YOUR INSTRUCTIONS
Please, from the entries below, transcribe exactly the lines that begin at the line with "2019年11月,人民日报客户端转载beat365官网开设劳动实践课程有关报道" and end at the line with "Recently Tracy Loew", without the pictures.

EXERCISE INPUTS
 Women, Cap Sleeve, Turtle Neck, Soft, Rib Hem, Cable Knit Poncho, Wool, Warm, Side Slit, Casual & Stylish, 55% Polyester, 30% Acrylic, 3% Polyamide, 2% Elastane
==
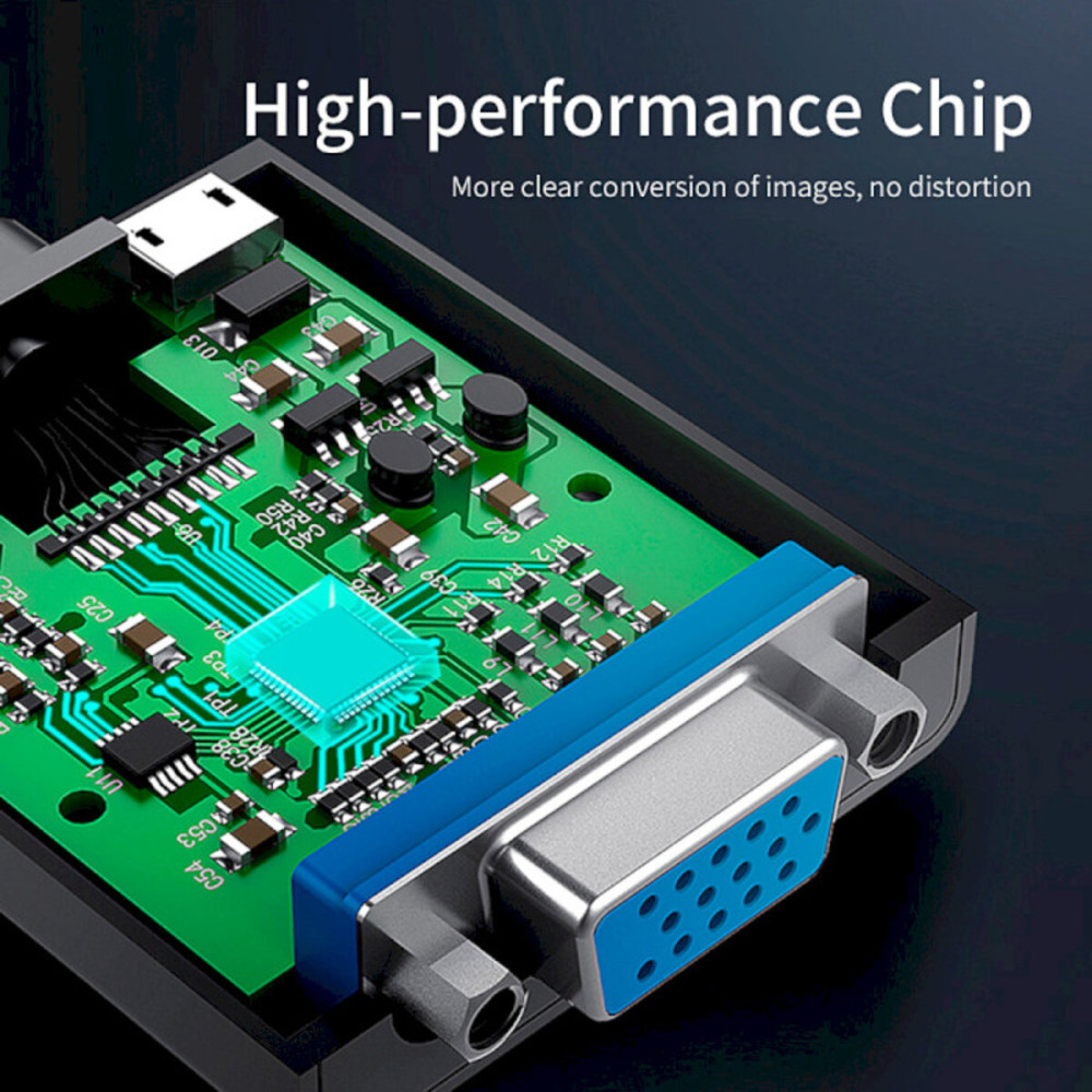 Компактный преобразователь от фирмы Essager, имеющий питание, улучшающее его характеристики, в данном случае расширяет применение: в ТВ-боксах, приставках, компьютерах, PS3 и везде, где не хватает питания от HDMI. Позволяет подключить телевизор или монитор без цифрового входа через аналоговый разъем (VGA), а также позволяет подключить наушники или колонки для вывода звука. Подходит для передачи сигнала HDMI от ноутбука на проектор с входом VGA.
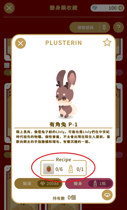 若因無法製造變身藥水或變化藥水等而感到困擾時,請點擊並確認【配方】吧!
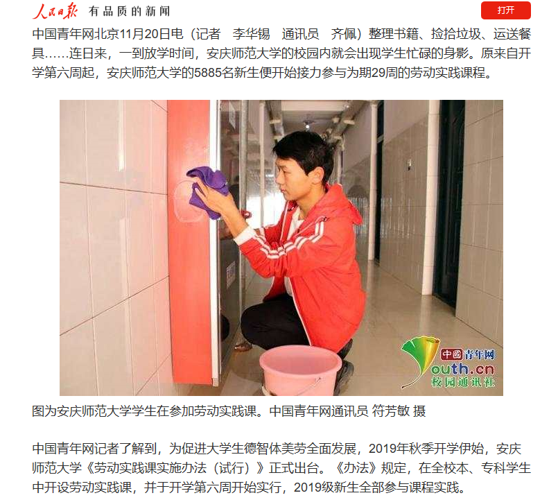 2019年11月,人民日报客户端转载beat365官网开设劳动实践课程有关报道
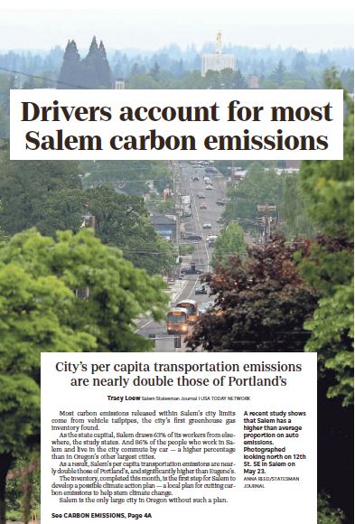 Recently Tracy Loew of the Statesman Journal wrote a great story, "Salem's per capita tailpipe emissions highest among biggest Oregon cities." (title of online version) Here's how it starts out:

EXERCISE SOLUTION
 2019年11月,人民日报客户端转载beat365官网开设劳动实践课程有关报道
 Recently Tracy Loew of the Statesman Journal wrote a great story, "Salem's per capita tailpipe emissions highest among biggest Oregon cities." (title of online version) Here's how it starts out:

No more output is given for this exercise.